Showing posts with label placebo. Show all posts
Showing posts with label placebo. Show all posts

Saturday, December 30, 2017

The Nocebo Effect In Antidepressant Trials



Early in my career I was an assistant to principle investigators who were doing clinical trials of drugs to treat generalized anxiety disorder, major depression, schizophrenia, and Alzheimer's Disease.  My job was top screen patients, do medical histories and physical examination, and follow them throughout the research protocol.  That is not an easy job.  The difficult part is making sure that the research patients are not getting any medical complications from a new and experimental drug in addition to assessing any possible therapeutic effects.

One of the main complications was the nocebo effect.  With all of the hype about placebo effects with antidepressants, I have always found it curious that few mention the nocebo and how it affects clinical research.  In those early days it was possible to break the blind and if research subjects withdrew from the protocol to let them know if they were taking active drug or placebo.   An adverse reaction to placebo is the nocebo effect.  It was common in these protocols for research subjects to either stop the protocol due to adverse effects or describe severe side effects while they were taking placebo.

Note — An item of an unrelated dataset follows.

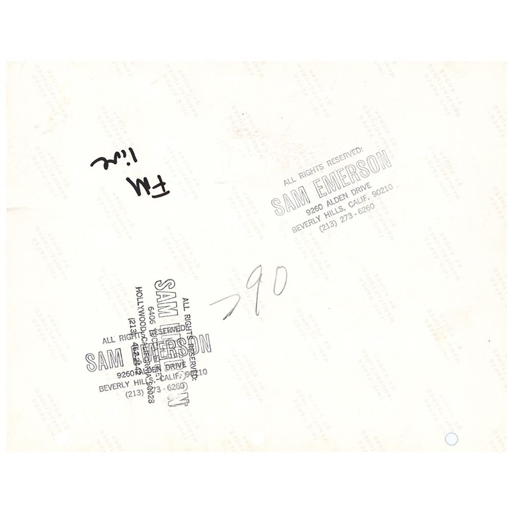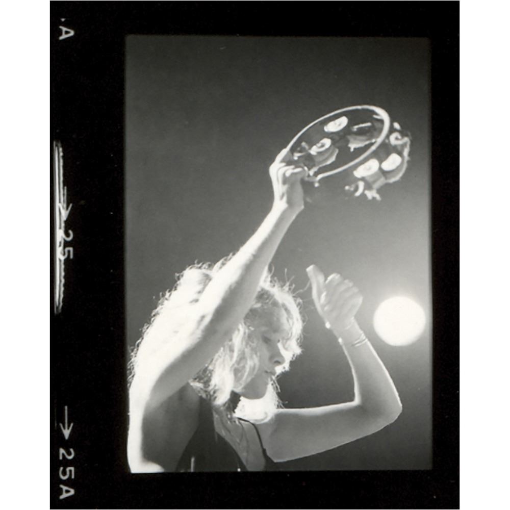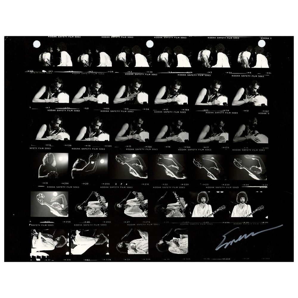 Original vintage glossy 11 x 8.5 contact sheet print containing 34 images of Fleetwood Mac in concert taken by Sam Emerson, featuring sequences that show John McVie and Lindsey Buckingham side-by-side, Mick Fleetwood pounding a hand drum, Stevie Nicks shaking a tambourine, and Lindsey Buckingham soloing and singing. Signed in the lower right corner in white ink by photographer Sam Emerson, "Emerson." Reverse bears Sam Emerson credit stamps and "This paper manufactured by Kodak" watermarks. In fine condition, with three filing holes to the top edge.

One of the main problems I encountered with this effect in clinical trials that is an even bigger problem today is loss of research subjects who terminated early due to nocebo effects.  In the example I gave the patients developed significant side effects in response to a placebo, but people can also develop dramatic side effects to the active research medication.  Whether they are more likely to get the effect from active drug or an active placebo over the active study drug has not been actively studied.  These are critical questions because FDA trials now require and Intent To Treat Analysis for clinical trials.  That means all of the research subjects who did not complete the protocol for whatever reason need to be included in the analysis.  That becomes a problem when any subject has not been treated with the active drug - both in terms of true response but also side effects reporting.  All FDA package inserts contain detailed information on medication side effects.  Today in many cases there is a side effect comparison between active drug and placebo. Nocebo related data can skew the side effect data reported in the package inserts.    

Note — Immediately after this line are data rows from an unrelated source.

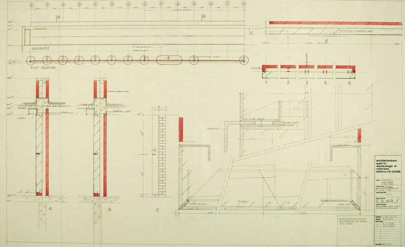 Dekoratieve betonwand in stram T18, 5 augustus 1975
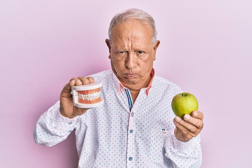 Las dentaduras postizas flojas también pueden dificultar la alimentación. Ya puede ser difícil comer con dentaduras tradicionales, pero si no se ajustan a su boca, pueden reducir significativamente la cantidad de fuerza de mordida que tiene.
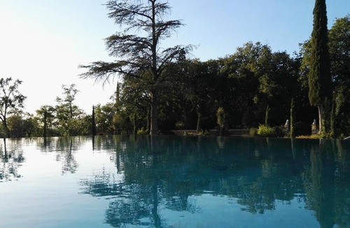 The well-kept apartment is located in the annex of a renovated farmhouse that is permanently inhabited by Swiss. The house is located in a 10,000 m2, fully enclosed park-like garden with its own driveway and private parking space. The apartment has two outside seats (morning or evening sun). At an approximate distance of 20 meters from one of the seats is an infinity pool with dimensions of 16x6 meters, which is completely built in travertine stone. Water depth gradually from 0.8 to 1.5 meters. The pool offers a wonderful view of the Tuscan garden. There are also more than 20 chickens and a well-behaved, child-friendly guard dog on the premises.
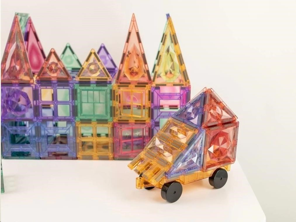 Kreativní magnetická stavebnice Elifix 108 ks v lehce pastelových barvách je navržená tak, aby podporovala hodiny neomezené kreativity, zábavy a učení prostřednictvím příjemného hraní. Postará se o rozvoj jemné a hrubé motoriky, zvýší schopnost soustředit se, představivost a trpělivost. Navíc podporuje prostorové vnímání, logiku a napomáhá pochopení fyzikálních zákonitostí. Magnetická sada nabízí množství různě velkých čtvercových a trojúhelníkových dílů, díly s okny i ploty a nechybí ani podvozek s kolečky pro stavbu dopravních prostředků.

I always thought that antidepressant trials were the ideal setting to study nocebo effects and came across a paper two years ago that does that (1).  That time frame over the last two years was an interesting one.  We saw all of the speculations about the release of the DSM-5 in the summer of 2015.  Much of that speculation involved sensational articles in the media suggesting that antidepressant medications did not work or ate least were no better than the placebo effect. Further speculation suggested that pharmaceutical manufacturers and the American Psychiatric Association (via the DSM-5) had an interest in broadening the market for antidepressants and increasing their use. At no point did any of the critics suggest that their may be a serious problem with clinical trials based on the nocebo effect.  And most interestingly, many of the critics in non-professional forum complained mostly about the side effects of these medications.  In some cases they described these medications as very dangerous.

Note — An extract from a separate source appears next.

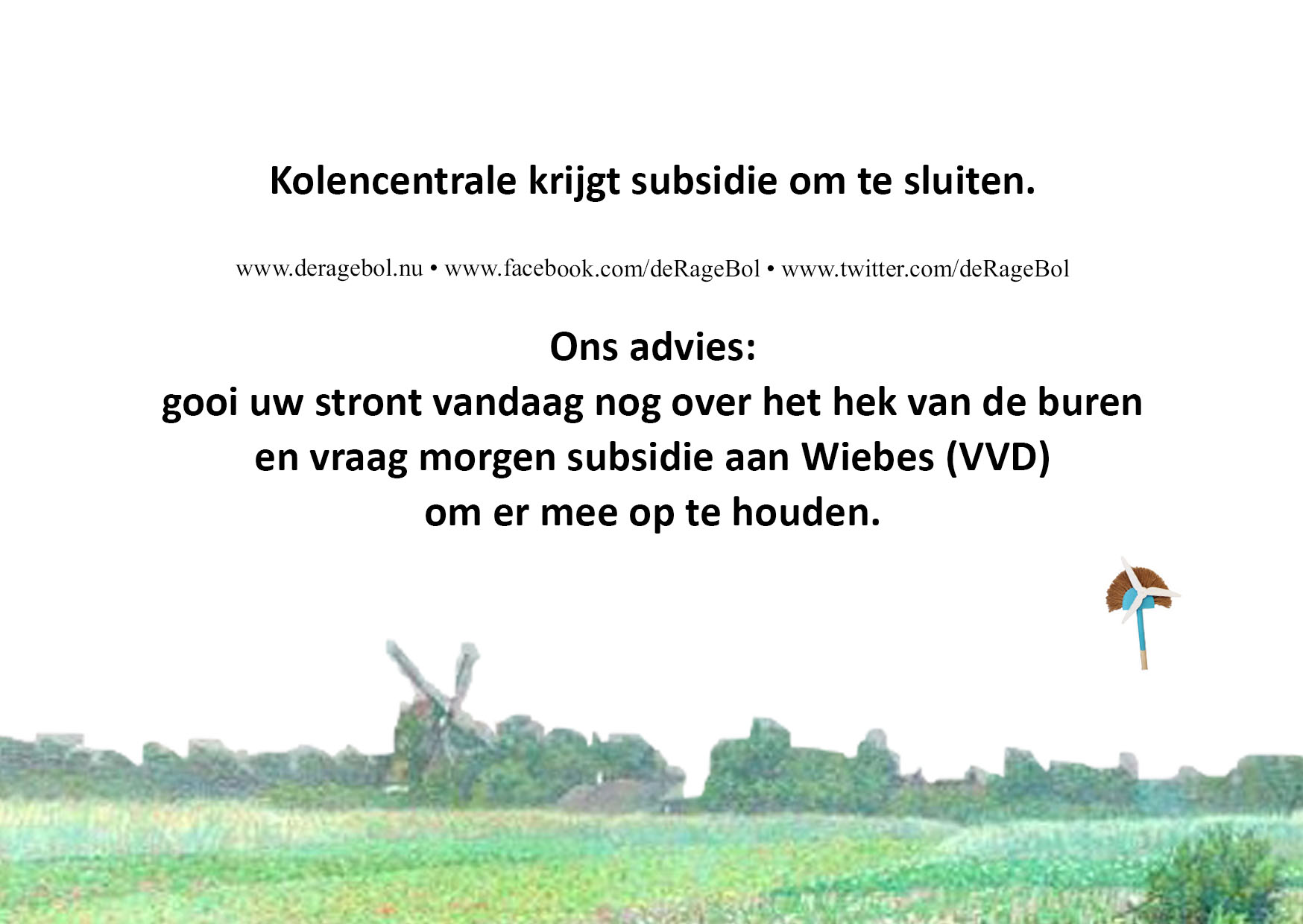 gooi uw stront vandaag nog over het hek van de buren en vraag morgen subsidie aan Wiebes (VVD) om er mee op te houden.

The paper in reference 1 looks only at people receiving placebo in a pooled sample of placebo-arm data from 20 industry-sponsored multi-site randomized clinical trials of antidepressant medication in the treatment of acute major depression.  Adverse event data was recorded for all 20 clinical trials.  Adverse events (AE) can be pre-existing nonspecific somatic symptoms.  Treatment emergent adverse events (TEAE) were events that occurred or worsened during placebo treatment.  The adverse events were obtained by open ended questioning and in clinical trials from that period (1993-2010) were listed on standard forms.  Five endpoints were studied including any AE, any treatment related AE, any severe AE, any serious AE resulting in discontinuation from the study, and discontinuation form the study for any reason.  Worsening of clinical symptoms was also measured and defined as any increase in the depression rating score on any scale used for that particular study.

The main results included:

1.  TEAEs from placebo were reported in 1,569/2,457 or 63.9% of the study participants.

2.  11.2% (274) of the participants had worsening depression rating scores during the placebo treatment.

3.  4.7% (115) of the participants discontinued the study due to an AE during the placebo treatment.     

Just considering those results and nothing more illustrates the nocebo problem with current state-of-the-art clinical trials technology.  If 63.9% of the placebo-treated subjects experience side effects - what does that translate to in terms of subjects taking the active drug getting side effects unrelated to that drug?  Although untreated depression might be expected to worsen - how much of that is nocebo modulated and how much crosses over to the active drug.  A significant number of people dropped out of the trial due to the nocebo effect.  The main results suggest that in randomized placebo controlled trials of efficacy and safety - the nocebo effect is substantial.  Since the observed TEAEs and percentage of research subjects worsening on placebo was substantial - extension to TEAEs, worsening, and dropping out in clinical practice could be expected.  That would be a very difficult problem to research due to a lack of standardization across practices.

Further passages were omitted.